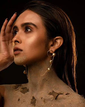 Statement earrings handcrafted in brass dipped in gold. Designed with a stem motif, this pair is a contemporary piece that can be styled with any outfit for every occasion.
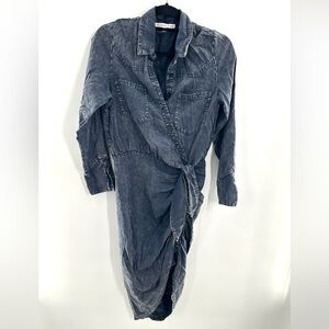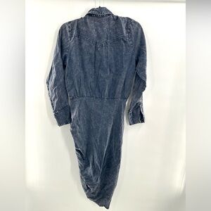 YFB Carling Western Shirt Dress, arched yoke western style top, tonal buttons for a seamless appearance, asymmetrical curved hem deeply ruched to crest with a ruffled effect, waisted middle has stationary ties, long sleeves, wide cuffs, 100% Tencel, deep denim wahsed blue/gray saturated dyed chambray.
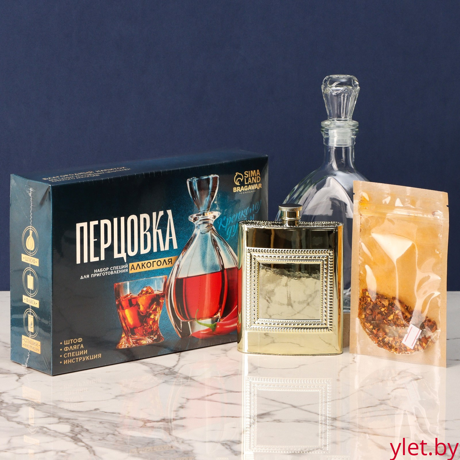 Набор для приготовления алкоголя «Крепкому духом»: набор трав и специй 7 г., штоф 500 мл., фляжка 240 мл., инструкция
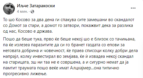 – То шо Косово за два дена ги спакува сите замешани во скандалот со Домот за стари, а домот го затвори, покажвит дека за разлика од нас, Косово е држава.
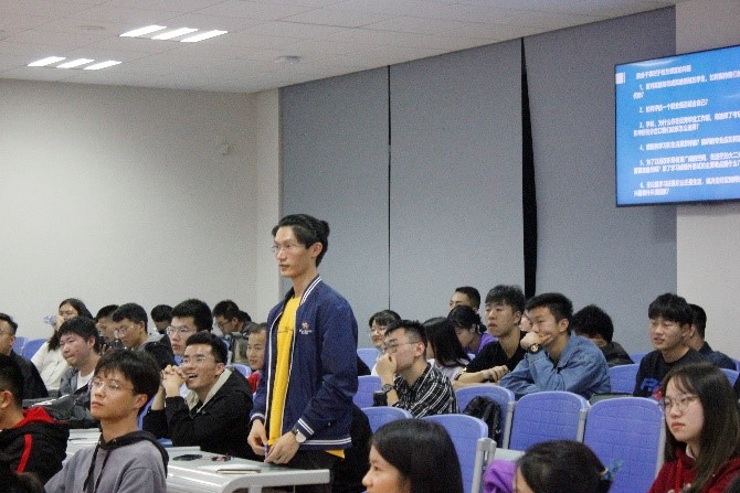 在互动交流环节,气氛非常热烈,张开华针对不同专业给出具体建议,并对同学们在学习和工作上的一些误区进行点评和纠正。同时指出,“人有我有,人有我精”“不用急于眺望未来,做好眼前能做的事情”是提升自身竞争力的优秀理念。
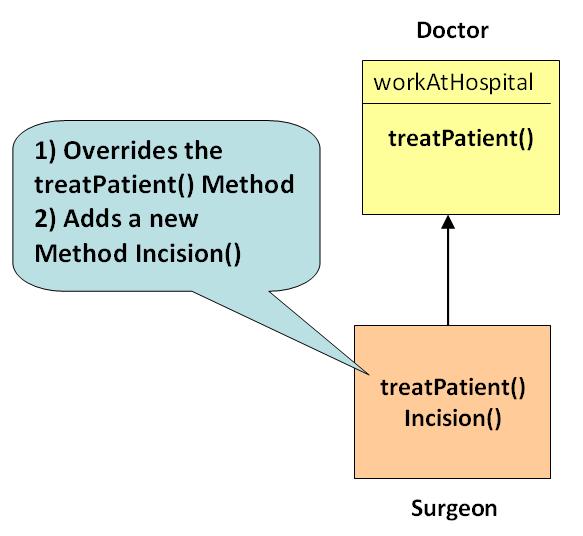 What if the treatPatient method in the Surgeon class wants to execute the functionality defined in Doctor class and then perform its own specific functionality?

# # #

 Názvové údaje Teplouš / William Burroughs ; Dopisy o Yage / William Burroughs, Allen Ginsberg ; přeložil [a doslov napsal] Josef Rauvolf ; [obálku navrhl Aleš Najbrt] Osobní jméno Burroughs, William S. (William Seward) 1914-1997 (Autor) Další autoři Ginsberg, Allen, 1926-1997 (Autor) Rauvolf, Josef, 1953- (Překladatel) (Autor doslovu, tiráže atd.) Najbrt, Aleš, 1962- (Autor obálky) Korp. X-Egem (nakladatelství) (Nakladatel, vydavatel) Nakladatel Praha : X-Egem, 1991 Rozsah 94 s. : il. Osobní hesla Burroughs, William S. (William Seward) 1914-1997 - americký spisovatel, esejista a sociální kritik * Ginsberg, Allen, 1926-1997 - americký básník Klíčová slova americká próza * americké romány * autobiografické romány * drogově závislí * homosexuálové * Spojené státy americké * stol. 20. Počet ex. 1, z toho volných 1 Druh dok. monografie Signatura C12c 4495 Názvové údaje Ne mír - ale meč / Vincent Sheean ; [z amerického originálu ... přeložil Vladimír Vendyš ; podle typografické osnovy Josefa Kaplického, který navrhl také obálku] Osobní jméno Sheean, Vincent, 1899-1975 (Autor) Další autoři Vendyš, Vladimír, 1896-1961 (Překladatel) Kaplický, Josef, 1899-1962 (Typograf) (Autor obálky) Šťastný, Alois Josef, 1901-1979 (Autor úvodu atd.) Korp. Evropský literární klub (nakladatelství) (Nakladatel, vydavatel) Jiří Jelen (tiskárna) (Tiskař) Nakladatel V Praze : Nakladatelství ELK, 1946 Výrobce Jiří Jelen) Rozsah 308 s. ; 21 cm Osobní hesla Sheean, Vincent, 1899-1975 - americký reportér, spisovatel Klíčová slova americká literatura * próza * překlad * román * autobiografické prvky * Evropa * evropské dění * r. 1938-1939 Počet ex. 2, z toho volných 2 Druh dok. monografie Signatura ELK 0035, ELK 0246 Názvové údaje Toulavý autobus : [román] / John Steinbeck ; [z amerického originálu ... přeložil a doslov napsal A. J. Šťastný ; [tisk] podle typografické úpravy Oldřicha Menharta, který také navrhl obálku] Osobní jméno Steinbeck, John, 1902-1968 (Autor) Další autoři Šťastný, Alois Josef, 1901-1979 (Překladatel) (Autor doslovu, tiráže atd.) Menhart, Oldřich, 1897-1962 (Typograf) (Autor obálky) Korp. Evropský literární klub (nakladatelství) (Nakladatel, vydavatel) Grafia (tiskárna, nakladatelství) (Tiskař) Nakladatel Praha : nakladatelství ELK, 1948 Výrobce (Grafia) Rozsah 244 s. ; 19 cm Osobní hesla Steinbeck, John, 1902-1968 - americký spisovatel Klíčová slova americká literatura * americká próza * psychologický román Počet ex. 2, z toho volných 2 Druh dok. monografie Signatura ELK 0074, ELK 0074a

# # #

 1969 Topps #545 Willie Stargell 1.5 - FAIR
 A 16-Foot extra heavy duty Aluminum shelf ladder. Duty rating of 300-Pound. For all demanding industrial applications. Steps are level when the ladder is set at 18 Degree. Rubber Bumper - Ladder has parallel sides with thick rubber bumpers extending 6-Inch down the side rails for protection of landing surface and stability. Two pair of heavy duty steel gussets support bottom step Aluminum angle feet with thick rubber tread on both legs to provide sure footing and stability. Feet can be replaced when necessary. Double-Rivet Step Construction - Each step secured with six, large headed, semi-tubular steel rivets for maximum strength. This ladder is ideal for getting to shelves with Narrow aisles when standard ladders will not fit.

# # #

Take only the lines above from the one that has "在互动交流环节,气氛非常热烈" through the one that has "What if the" and reproduce them exactly, omitting any pictures.

Task result:
 在互动交流环节,气氛非常热烈,张开华针对不同专业给出具体建议,并对同学们在学习和工作上的一些误区进行点评和纠正。同时指出,“人有我有,人有我精”“不用急于眺望未来,做好眼前能做的事情”是提升自身竞争力的优秀理念。
 What if the treatPatient method in the Surgeon class wants to execute the functionality defined in Doctor class and then perform its own specific functionality?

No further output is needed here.